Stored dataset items
= = = = = = =
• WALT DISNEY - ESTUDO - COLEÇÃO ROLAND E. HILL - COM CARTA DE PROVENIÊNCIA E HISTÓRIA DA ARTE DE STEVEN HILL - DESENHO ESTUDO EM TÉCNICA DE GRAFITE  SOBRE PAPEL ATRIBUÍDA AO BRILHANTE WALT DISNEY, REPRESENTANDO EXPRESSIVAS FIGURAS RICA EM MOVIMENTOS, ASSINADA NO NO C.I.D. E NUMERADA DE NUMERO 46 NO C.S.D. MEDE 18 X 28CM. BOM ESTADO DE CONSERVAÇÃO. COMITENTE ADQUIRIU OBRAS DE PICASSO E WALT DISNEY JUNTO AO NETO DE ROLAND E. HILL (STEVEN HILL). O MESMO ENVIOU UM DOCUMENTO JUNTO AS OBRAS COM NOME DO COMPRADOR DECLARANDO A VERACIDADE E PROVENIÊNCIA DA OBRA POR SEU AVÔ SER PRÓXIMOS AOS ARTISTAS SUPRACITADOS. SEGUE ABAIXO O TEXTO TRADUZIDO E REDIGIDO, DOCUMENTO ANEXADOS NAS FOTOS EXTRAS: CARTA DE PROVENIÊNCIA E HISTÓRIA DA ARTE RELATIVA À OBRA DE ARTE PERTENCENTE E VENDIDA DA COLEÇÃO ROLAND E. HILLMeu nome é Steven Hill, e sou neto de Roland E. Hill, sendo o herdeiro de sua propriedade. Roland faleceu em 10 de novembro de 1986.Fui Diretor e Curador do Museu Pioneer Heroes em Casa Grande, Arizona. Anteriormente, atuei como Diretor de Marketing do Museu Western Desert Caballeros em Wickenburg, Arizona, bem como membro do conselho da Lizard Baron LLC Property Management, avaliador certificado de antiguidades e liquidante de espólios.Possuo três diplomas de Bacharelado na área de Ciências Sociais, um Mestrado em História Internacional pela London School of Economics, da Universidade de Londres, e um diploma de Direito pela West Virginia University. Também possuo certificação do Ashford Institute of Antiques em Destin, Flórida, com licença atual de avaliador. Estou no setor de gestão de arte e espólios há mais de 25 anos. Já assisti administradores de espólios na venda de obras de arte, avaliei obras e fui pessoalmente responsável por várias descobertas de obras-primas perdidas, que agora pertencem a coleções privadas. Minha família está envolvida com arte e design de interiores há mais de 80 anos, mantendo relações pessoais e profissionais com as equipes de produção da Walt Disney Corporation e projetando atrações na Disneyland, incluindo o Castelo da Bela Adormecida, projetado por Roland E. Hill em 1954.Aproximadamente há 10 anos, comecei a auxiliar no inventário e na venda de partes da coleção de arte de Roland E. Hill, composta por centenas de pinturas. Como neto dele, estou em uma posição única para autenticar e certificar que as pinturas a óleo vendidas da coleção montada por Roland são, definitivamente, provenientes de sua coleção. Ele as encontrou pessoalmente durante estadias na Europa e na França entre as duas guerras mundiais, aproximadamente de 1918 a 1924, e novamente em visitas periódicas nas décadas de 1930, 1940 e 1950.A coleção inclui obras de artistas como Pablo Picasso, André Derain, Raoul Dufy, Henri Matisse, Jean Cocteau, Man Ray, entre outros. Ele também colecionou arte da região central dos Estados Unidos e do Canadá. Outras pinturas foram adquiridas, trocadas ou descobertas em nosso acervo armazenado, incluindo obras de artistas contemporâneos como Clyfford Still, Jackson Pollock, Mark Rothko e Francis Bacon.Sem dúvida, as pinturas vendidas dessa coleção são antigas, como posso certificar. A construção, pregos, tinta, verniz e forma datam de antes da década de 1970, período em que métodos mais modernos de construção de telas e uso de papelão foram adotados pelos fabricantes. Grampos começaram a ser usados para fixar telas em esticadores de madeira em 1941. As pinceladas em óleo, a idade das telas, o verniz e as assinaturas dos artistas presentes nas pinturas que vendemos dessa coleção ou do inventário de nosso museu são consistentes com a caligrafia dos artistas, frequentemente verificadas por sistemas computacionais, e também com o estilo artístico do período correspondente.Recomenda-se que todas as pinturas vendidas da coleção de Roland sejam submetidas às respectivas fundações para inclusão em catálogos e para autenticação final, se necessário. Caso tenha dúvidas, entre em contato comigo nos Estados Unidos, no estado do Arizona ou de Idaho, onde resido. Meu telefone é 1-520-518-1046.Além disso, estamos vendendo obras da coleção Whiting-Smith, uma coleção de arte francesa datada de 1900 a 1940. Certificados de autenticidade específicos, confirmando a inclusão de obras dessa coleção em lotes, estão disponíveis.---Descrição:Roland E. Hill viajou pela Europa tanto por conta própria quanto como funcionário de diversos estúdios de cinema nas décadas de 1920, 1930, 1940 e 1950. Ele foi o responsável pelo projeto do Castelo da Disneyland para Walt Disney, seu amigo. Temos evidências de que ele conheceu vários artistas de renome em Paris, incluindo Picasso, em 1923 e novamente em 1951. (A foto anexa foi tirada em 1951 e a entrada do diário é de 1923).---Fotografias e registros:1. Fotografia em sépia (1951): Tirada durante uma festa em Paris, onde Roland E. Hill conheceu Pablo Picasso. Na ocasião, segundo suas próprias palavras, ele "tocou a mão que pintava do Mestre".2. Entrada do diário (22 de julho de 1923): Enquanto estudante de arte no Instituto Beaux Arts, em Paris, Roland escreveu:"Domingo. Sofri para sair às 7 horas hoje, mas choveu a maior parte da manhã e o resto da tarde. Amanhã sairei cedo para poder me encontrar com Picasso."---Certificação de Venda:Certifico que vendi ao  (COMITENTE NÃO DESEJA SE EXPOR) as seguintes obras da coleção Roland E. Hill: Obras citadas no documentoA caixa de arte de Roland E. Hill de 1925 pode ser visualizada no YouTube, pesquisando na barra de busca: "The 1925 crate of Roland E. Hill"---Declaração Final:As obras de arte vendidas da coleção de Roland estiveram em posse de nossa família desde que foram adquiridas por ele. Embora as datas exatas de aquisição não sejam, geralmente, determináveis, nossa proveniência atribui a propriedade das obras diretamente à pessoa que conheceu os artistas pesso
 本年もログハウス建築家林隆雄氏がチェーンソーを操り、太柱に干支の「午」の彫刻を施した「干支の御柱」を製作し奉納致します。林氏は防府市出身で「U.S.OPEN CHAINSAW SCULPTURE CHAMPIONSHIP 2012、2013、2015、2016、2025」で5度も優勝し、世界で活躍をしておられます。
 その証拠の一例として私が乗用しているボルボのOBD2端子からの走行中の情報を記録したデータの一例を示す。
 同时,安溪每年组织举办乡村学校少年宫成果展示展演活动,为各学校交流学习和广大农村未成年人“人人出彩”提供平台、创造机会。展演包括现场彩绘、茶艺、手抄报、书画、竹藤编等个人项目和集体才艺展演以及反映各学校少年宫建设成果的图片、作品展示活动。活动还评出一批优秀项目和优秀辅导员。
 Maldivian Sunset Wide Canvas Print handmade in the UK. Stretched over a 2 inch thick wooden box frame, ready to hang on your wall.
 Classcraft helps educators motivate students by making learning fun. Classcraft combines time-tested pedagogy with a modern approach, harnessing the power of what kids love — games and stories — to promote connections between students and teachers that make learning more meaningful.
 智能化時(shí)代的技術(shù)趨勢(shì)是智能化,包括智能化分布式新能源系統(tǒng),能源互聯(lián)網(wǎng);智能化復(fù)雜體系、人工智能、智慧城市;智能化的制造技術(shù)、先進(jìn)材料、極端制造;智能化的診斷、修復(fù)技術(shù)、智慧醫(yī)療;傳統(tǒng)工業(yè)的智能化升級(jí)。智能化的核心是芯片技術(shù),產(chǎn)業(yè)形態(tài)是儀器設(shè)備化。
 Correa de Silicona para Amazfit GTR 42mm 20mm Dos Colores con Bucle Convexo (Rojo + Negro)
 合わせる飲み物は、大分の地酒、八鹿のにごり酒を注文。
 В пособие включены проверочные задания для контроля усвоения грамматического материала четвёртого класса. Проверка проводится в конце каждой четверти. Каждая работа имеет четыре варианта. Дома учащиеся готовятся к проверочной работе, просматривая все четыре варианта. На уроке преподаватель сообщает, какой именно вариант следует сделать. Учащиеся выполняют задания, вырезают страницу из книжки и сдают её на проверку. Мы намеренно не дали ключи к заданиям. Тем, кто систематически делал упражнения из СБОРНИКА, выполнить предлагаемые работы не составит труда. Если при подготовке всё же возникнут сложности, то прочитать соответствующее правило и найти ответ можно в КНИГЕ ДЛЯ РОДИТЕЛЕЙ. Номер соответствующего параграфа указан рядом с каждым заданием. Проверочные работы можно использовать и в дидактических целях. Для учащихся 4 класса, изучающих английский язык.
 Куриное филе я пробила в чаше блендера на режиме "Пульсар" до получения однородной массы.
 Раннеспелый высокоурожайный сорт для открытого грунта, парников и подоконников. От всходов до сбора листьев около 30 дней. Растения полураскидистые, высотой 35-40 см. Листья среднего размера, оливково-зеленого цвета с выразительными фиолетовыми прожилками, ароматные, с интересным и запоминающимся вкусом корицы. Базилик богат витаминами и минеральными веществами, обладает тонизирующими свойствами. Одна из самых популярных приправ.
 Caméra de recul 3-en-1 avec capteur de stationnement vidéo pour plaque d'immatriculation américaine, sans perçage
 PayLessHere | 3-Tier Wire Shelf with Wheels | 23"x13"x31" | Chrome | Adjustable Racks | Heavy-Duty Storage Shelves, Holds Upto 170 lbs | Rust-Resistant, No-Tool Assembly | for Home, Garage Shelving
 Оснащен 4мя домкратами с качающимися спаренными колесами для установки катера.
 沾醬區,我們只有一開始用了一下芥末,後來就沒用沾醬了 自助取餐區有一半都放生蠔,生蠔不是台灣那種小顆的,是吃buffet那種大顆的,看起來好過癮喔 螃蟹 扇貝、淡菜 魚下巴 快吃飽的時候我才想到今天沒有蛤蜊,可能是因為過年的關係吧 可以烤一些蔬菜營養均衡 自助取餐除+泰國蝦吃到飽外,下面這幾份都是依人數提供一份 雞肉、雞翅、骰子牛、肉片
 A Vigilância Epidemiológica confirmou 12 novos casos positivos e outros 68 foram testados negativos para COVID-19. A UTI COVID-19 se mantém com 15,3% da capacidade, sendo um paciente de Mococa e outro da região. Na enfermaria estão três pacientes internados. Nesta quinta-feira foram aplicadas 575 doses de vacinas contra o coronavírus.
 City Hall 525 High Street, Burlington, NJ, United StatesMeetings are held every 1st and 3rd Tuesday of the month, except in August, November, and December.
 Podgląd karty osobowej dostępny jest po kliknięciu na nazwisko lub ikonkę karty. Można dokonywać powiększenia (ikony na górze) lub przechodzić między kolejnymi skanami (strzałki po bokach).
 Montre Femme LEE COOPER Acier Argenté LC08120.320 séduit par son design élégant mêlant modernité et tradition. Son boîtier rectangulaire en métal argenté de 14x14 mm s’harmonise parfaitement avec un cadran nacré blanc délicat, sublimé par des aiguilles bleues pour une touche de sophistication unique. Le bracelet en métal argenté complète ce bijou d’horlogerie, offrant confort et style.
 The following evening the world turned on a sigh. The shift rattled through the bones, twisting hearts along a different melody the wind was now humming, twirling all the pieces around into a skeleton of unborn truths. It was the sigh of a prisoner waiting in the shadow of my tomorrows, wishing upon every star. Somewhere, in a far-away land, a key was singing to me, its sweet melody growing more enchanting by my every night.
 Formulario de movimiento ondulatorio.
= = = = = = =
*Your instructions:*
Go through the lines above. Select every one that has the string "avec".

*Solution:*
 Caméra de recul 3-en-1 avec capteur de stationnement vidéo pour plaque d'immatriculation américaine, sans perçage
 Montre Femme LEE COOPER Acier Argenté LC08120.320 séduit par son design élégant mêlant modernité et tradition. Son boîtier rectangulaire en métal argenté de 14x14 mm s’harmonise parfaitement avec un cadran nacré blanc délicat, sublimé par des aiguilles bleues pour une touche de sophistication unique. Le bracelet en métal argenté complète ce bijou d’horlogerie, offrant confort et style.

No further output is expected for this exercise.